Location
- Harlaxton Road Grantham, Lincolnshire, NG31 7JR England 52°53′52″N 0°39′23″W﻿ / ﻿52.8978°N 0.6564°W

Information
- Type: Secondary academy
- Established: 1966
- Department for Education URN: 136624 Tables
- Ofsted: Reports
- Head teacher: Jess Leonard
- Gender: Co-ed
- Age: 11 to 18
- Enrolment: 773
- Website: https://www.walton-ac.org.uk/

= Walton Academy, Grantham =

Secondary academy in Grantham, Lincolnshire, England

Walton Academy, formerly Walton Girls' High School is a co-ed secondary school, in Grantham, Lincolnshire, England. It is situated in the south-west of the town near the A607 junction with the A1. The school accepts approximately 135 children a year.

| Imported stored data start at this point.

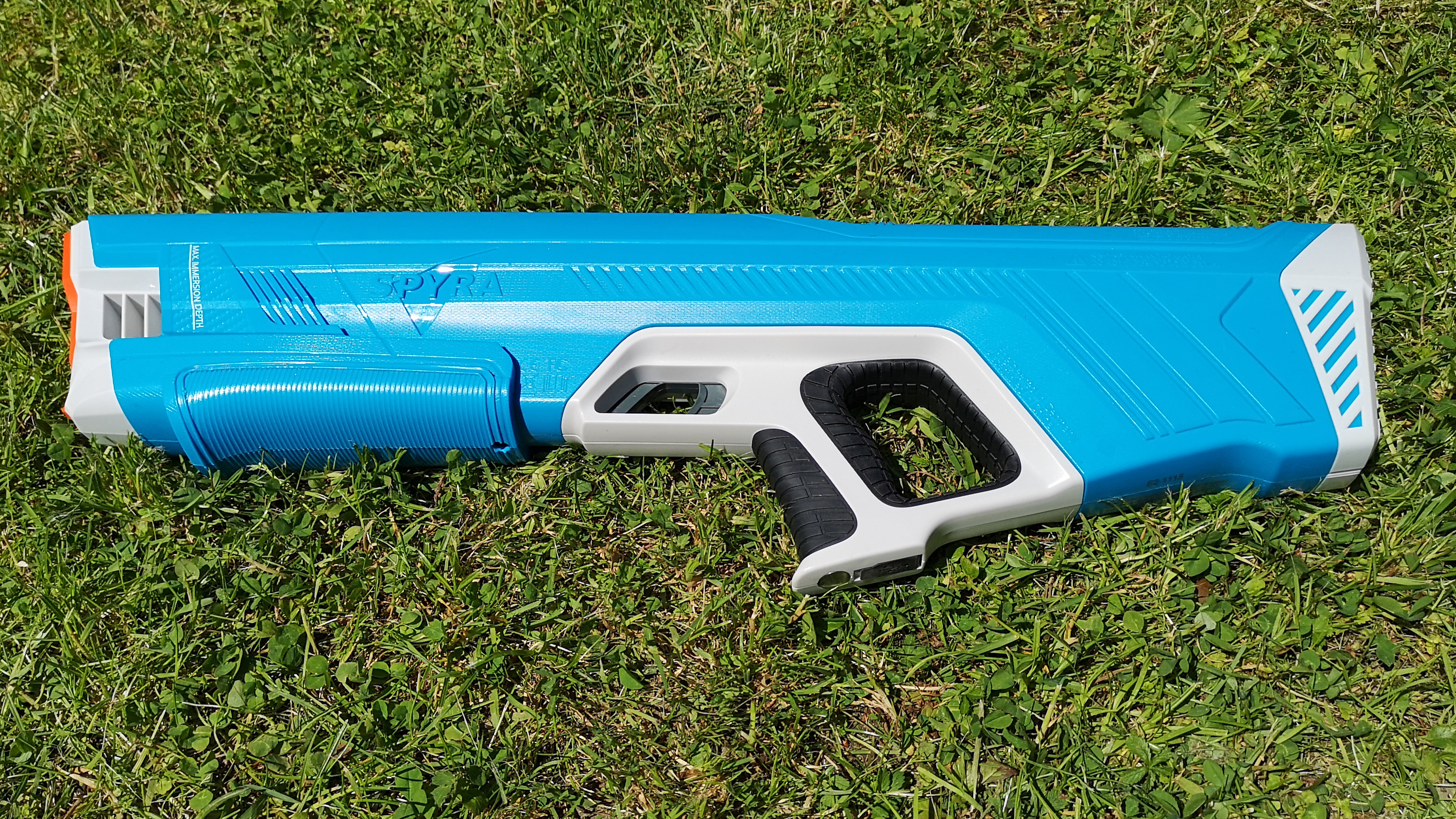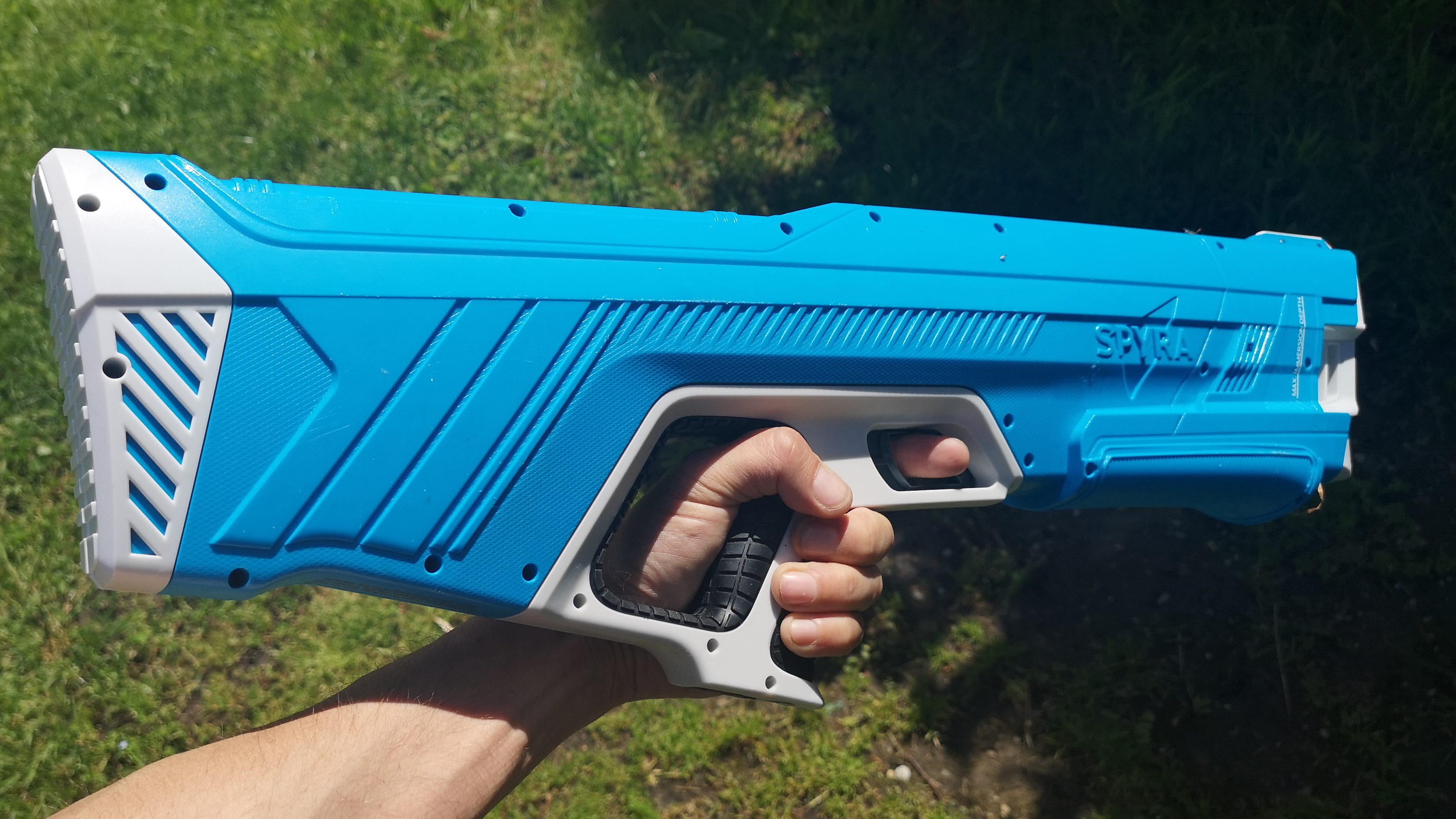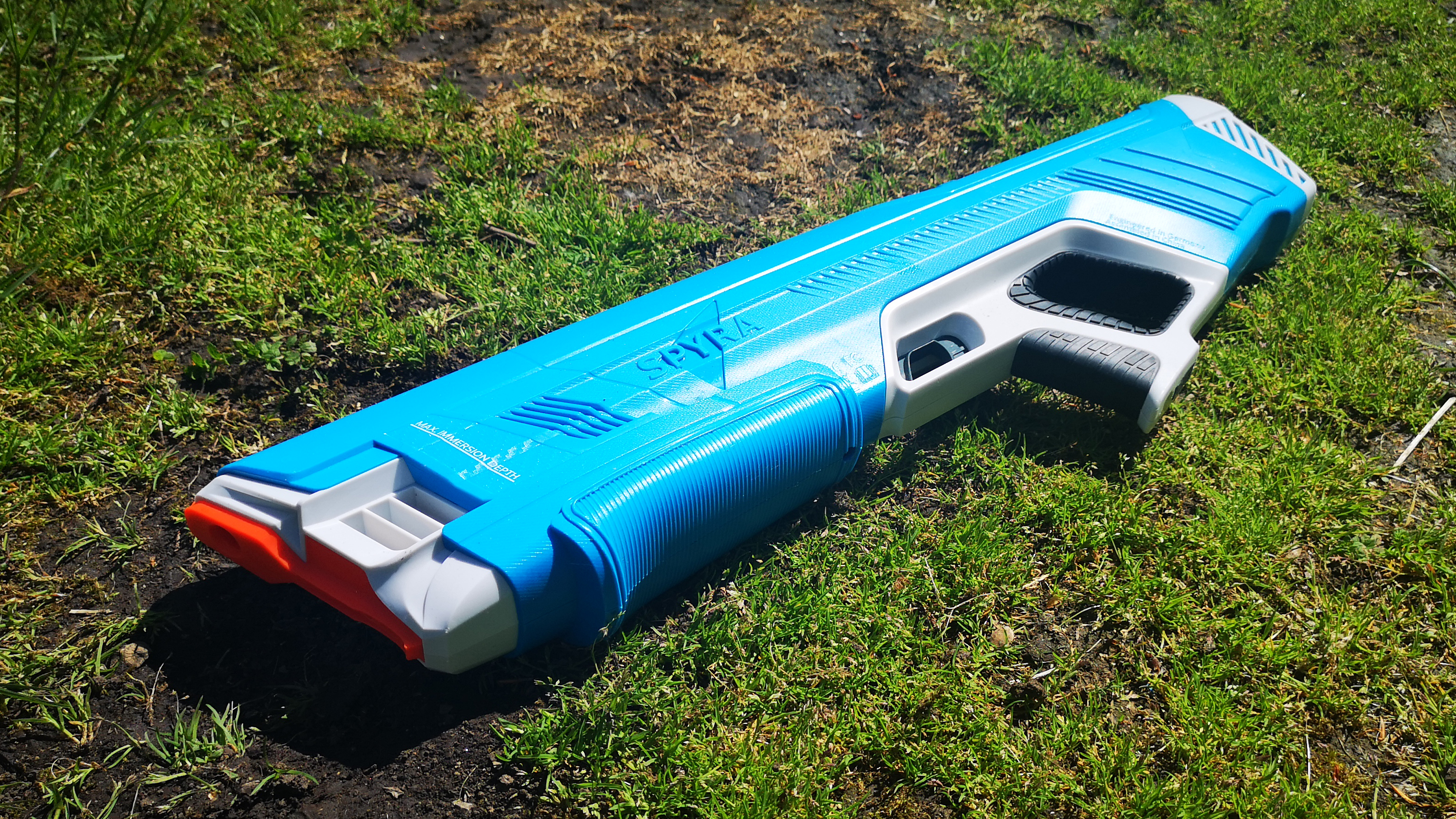 Unsere hochpreisige High-End-Variante im Testfeld ist die Spyra Two mit schicker LCD-Anzeige und einem Preis von über 100 Euro. Die nach Herstellerangaben stärkste Wasserpistole der Welt wird in Deutschland entwickelt und im Laufe des Sommers 2021 verfügbar sein – Vorbestellungen sind aber jetzt bereits möglich. Vom Vorgängermodell Spyra One sind nur noch Restbestände lieferbar.
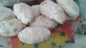 Την έβαλε να καθίσει στην τραπεζαρία. Στο τραπέζι το σπιτικό λικέρ τριαντάφυλλο πλάι στη φοντανιέρα με τα σοκολατάκια. Νουαζέτες. «Έλα, πιες ένα λικεράκι να ζεσταθείς από το δρόμο και μετά τα λέμε. Θα βάλω και το μπρίκι να πιούμε φρασκομηλιά με τα φοινίκια. Για δε, έχω και κουρκουμπινάκια. Θες;» «Μαμούλια δεν έκανες εφέτος, θεία;» «Ε και πώς να μην κάνω;! Ήλεγα πως ενήστευες και δε σου τά’ βγαλα… Πάω να φέρω.».
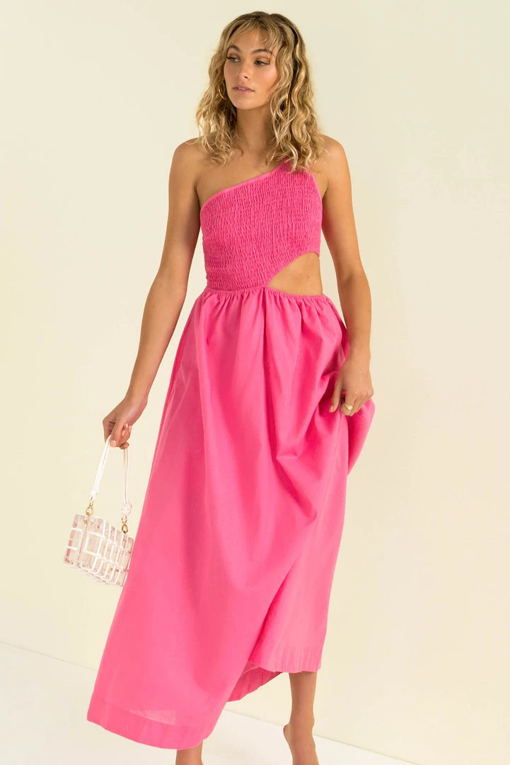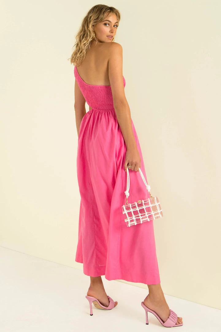 The perfect pop of colour! Our beautiful Asher Dress is made from a high-quality, linen fabric in a beautiful fuchsia colour. She features a shirred bodice with one shoulder strap, cutout at the waist and a mid-length skirt. Finish your look with gold hoops, tan heels and a clutch.
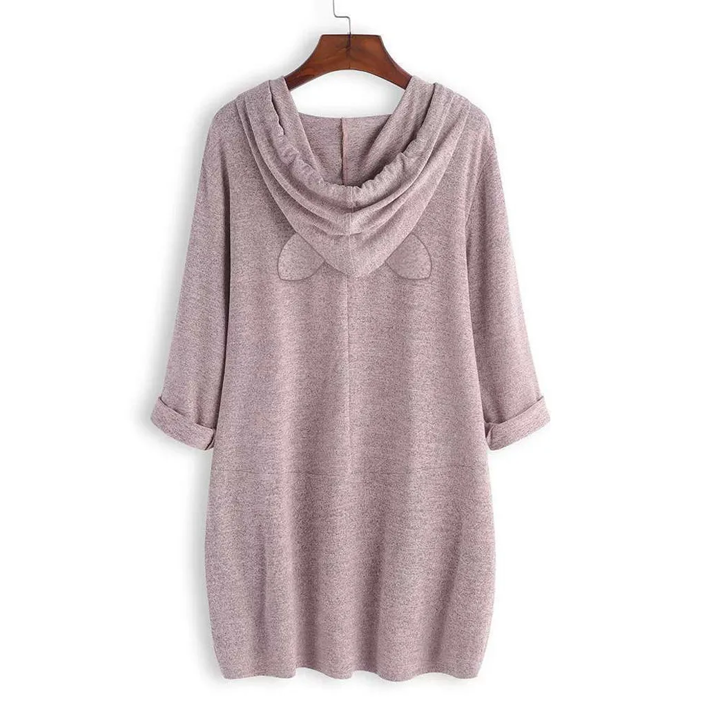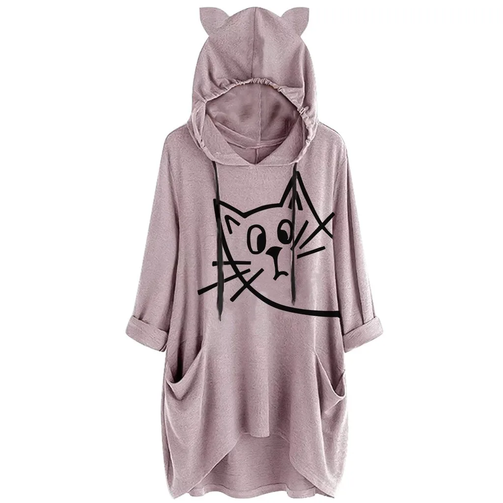 Женская Повседневная рубашка с капюшоном и длинными рукавами с принтом кошачьими ушками, необычная блузка
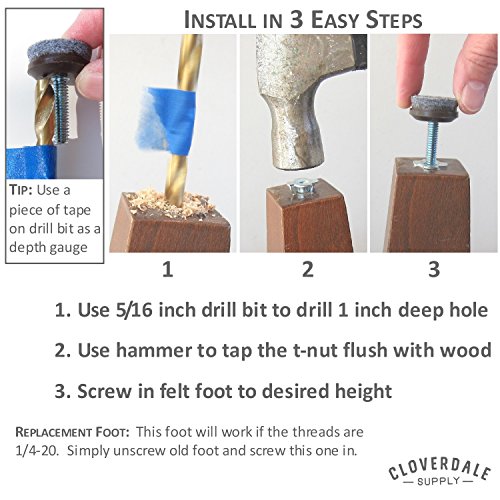 - 使用して家具levelerフィートのセットは8脚は、高さ調整と8 T爪ナットインストール手順を参照してください。ドリルして、交換の足をインストールするか、または木製家具脚として使用するティーを挿入する穴と5 / 16インチナットを外します。
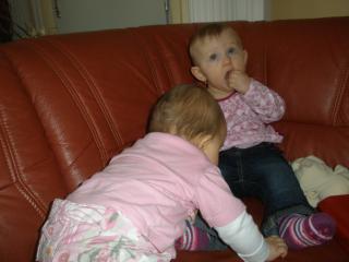 @majka35 krasna je Barborka, ale podoba sa strasne (teraz myslim sama so sebou, lebo Terezka je ako jej protipol) 😀 Timka je na tej foto asi o mesiac starsia ako Karinka teraz a tiez mala hustejsie vlasky, ale inak maju uplne rovnakej farby a ocka maju ako cez kopirak 😵
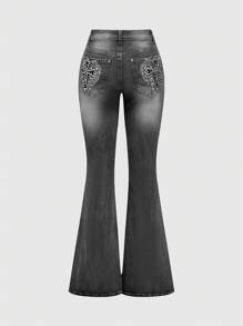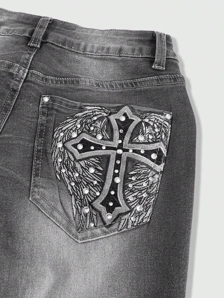 Grunge Punk Subculture Rivet Cross Wings Embroidery Rhinestone Sexy Skinny Flare Pants
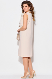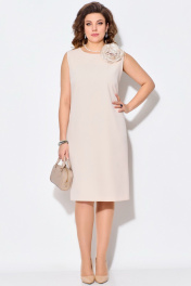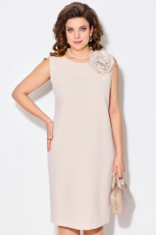 Платье "Вецена" на подкладке из блестящей трикотажной ткани. Платье прямого силуэта с выточкой на груди, по спинке потайная молния и шлица. Горловина и проймы обтачены подкладкой. Низ платья обработан потайным швом в подгибку. Платье украшено цветком ручной работы.
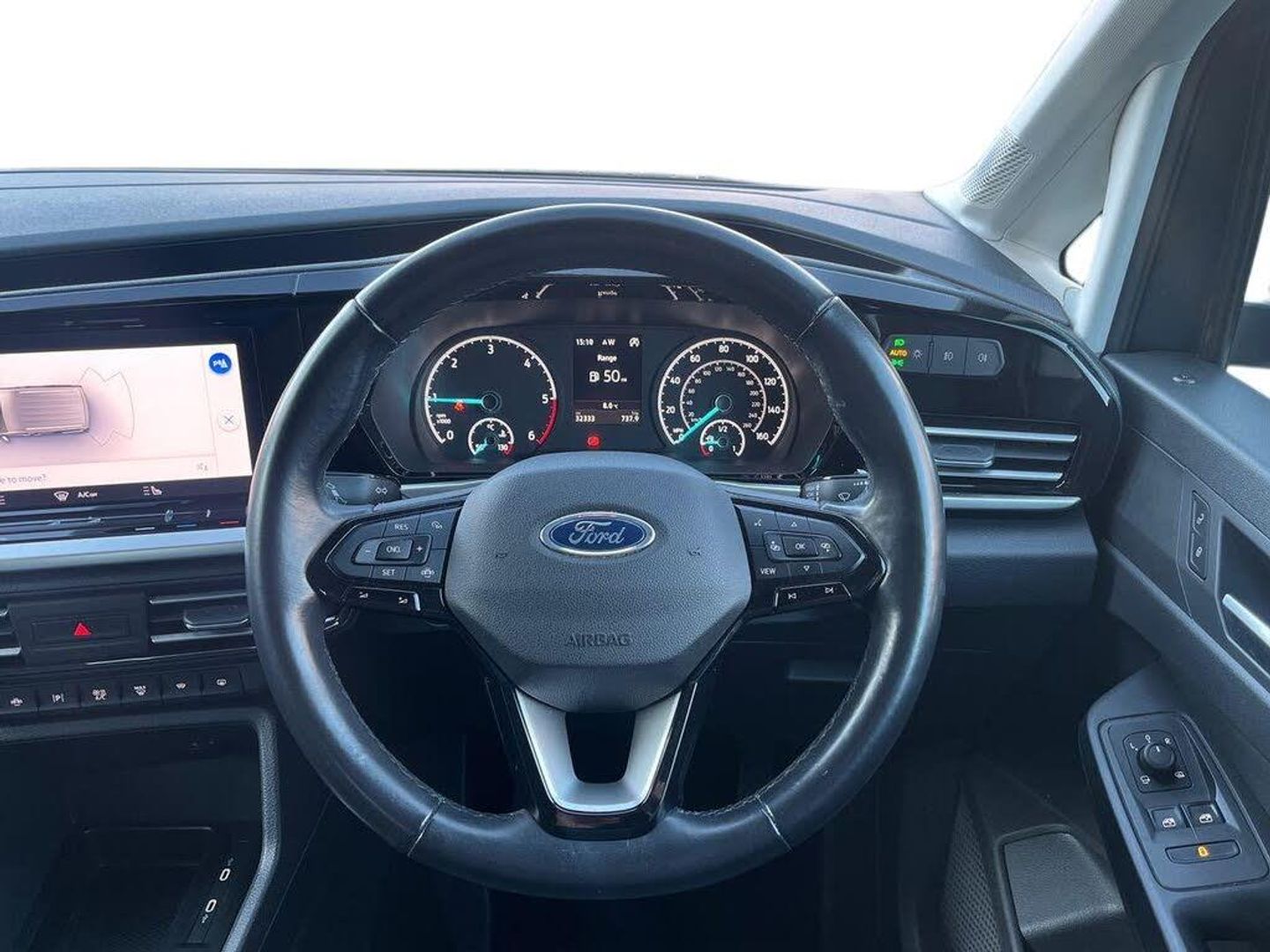 Analogue cluster, Brake wear indicator, Driver impairment monitor, E-call, Embedded modem, Mobile phone interface, PAS, Stop/start system with regenerative braking, Trip computer, 50 litre fuel tank, Diesel particulate filter, Standard duty alternator, Standard duty battery, Media hub 2x USB and rear USB Unit, Steering wheel mounted radio controls, Adaptive cornering lamps includes fog lamp, Auto headlamps On/off, Automatic windshield wiper, Black coloured exterior mirror finish, Black grille with chrome surround, Body coloured exterior door handles, Body coloured exterior tailgate handles, Body coloured plastic front bumper, Body coloured plastic rear bumper, Dark tinted rear privacy glass, Daytime running lights, Dual power fold heated mirrors, Dual sliding side load doors, Electric rear window defroster, Electric windshield defroster, Electrochromic inside mirror, Fixed 3rd row LHS and RHS window, Fixed rear window, Follow me home headlamps, Front bumper with chrome insert, High mounted stop lamp, Intermittent variable windshield wiper, Liftgate rear cargo door, Rain sensor, Rear registration plate light, Rear window wash/wipe, Roof rack silver painted rails, Standard green glass windscreen, Tail lamp - Level 1, Weather protection seals, 2 front row cupholders, 2nd row rear overhead courtesy light, 3 seat bench in 2nd row, 3x hooks on trim panel storage, 4 tie down hooks, A/C Refrigerant - HF01234YF, Air register Chrome, B Pillar assist handle, Base luggage compartment trim, Bubble fabric upholstery, Carpet load floor cover, Carpet partial floor cover, Center console level 4, Driver seat rotary recliner, Front door trim panel - Level 2, Front interior grab handles, Front seat tray table, Front throw in carpet floor mats, Glovebox lid with light, Header courtesy light with maplight, Height adjustable headrests, IP open storage above driver area, LED Load compartment light, Misfuel protection cap, Overhead storage shelfs, Painted instrument panel, Passenger seat rotary recliner, Passenger sunvisor with mirror, Pollen filter without carbon filter, Power point plug 2 off, Reach + rake adjustable steering column, Rear luggage compartment bag hook, Recirculation heater, Regular size washer tank, Second row 60/40 folding seats, Sensico gearshift knob, Sensico steering wheel, Side/rear door trim panel - Level 1, Single driver sunvisor illuminated with mirror, Single front passenger seat, Standard design foot pedal, Storage in front cab doors with bottle holder, Storage in rear doors with bottle holder, Driver assistance package - Tourneo Connect/ Grand Tourneo Connect, High acoustics package - Tourneo Connect/ Grand Tourneo Connect, Ice feature pack 4 - Tourneo Connect/ Grand Tourneo Connect, Restrain device pack 3 - Tourneo Connect/ Grand Tourneo Connect, Seat pack 18 - Tourneo Connect/ Grand Tourneo Connect, 2nd row rear seat belts, 4 wheel disc brakes, Black seat belts, Brakes - (HLA)Hill launch assist/TC, Driver, passenger and 2nd row rear seat belt reminder, Electric parking brake with auto hold function, Electronic emergency brake assist, Emergency brake light flashing, ESC with ABS, Front 2 way head restraints, Front active seat belts and manual adjuster seat belts, Front airbag restraint and passenger airbag restraint, Front side airbags, Isofix hard point attachment, Passenger airbag deactivation system, Post collision braking, Rear 2 way head restraints, Rear removeable package tray, Tire pressure sensors, 2 remote flip keys, Child proof rear door locks, Configurable Unlocking 2, Engine immobilizer - Securilock, Keyless entry and start with double locking, Locking wheel lug nuts, Power door dead locks and enabled door automatic relocking, Thatcham category 1 alarm B, 16" Pearl grey alloy wheels with centre wheel hub caps and standard tread, Front tire and rear tire tread, Less wheel cover, Tyre repair kit

In September 2019, the school saw its first boys enter in year 7, previously boys were only in the sixth form.

==History==
The school opened on its present site in 1966, with construction started in 1964. It took its name after one of the early townships of Grantham - Spittlegate, Houghton, and Walton. It was known as Walton Girls' County Secondary School and was the third purpose-built new secondary school to open in Grantham.

Walton was formerly the Girls' Central School on Agnes Street, off Castlegate. The equivalent Boys' Central School became the co-educational Central School at Manthorpe, in 1978. The former Girls' Central School building, between Agnes Street and Castlegate, became the Stepping Stones Nursery, an annex of Grantham College.

The Girls' Central School was not a secondary modern school, and required a good result in the eleven-plus exam to be admitted. It was similar to a technical school in its admittance procedure. When a new site for the school was planned, the site's position was supported by parents, provided it remained single sex.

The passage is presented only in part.